DEPUTY PRESIDENT DEAN

CANBERRA, 10 JUNE 2025

Application for an unfair dismissal remedy - resignation – no dismissal

  1. Mr Oliver Hutchings (Applicant) has made an application for a remedy pursuant to s.394 of the Fair Work Act 2009 alleging that he was unfairly dismissed from his employment with WIP Plumbing Pty Ltd (Respondent).

  1. The Respondent objected to the application on two grounds, the first being that it was a small business and it complied with the Small Business Fair Dismissal Code (the Code), and the second being that the Applicant had resigned.

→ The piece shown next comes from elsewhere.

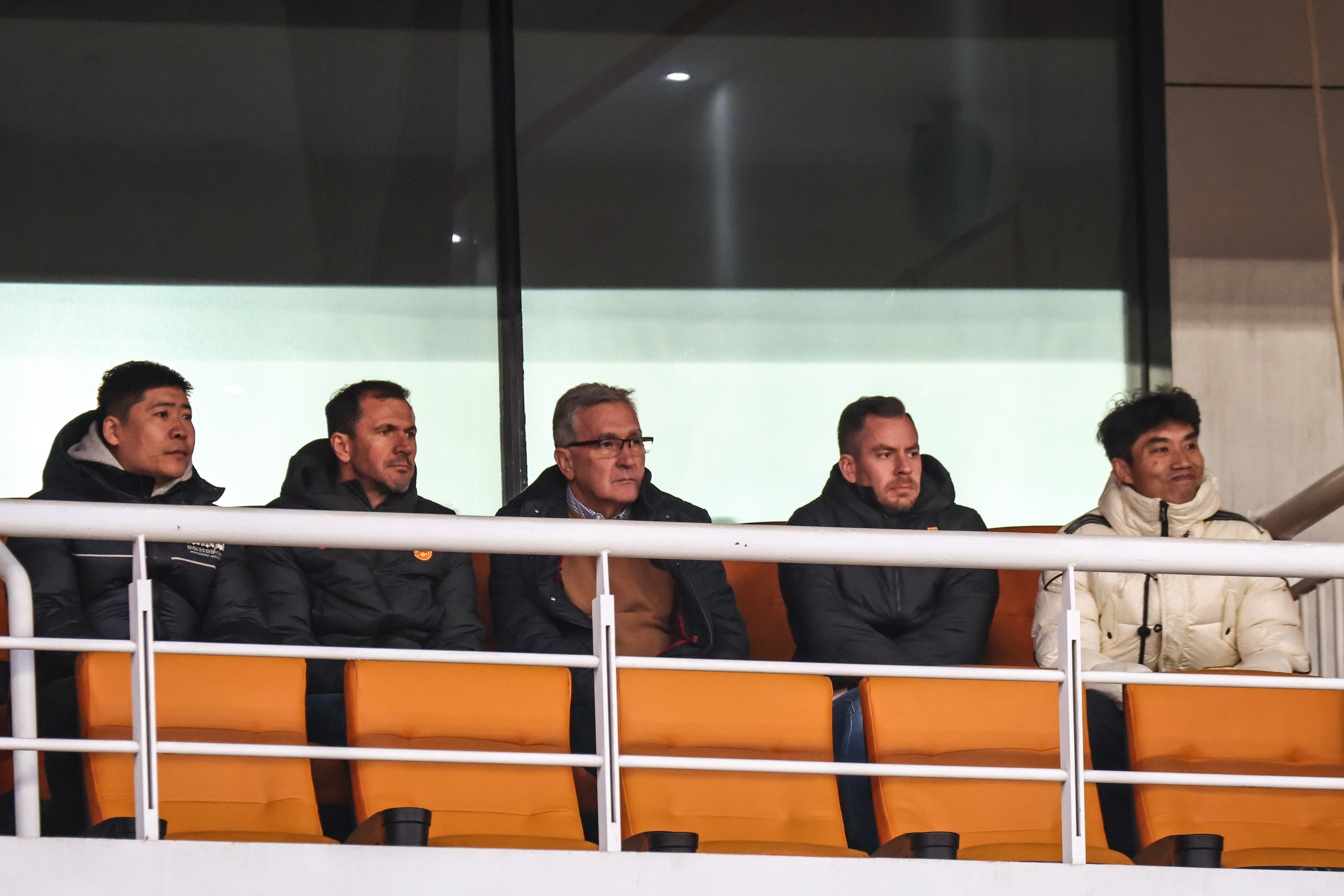 3月6日,2023—2024赛季亚冠联赛四分之一决赛首回合比赛,伊万科维奇(中)在看台观看比赛。新华社 发

  1. The application was heard on 6 June 2025. The Applicant was self-represented and gave evidence on his own behalf. The owner of the Respondent, Mr Gerrard, appeared and gave evidence on behalf of the Respondent.

  1. For the reasons outlined below, I find that the Applicant was not unfairly dismissed and as a result I will dismiss this application.

Background

  1. The Respondent is a small plumbing business with two employees plus its owner, Mr Gerrard.

  1. The Applicant was employed on a full time basis as a plumber, initially as an apprentice.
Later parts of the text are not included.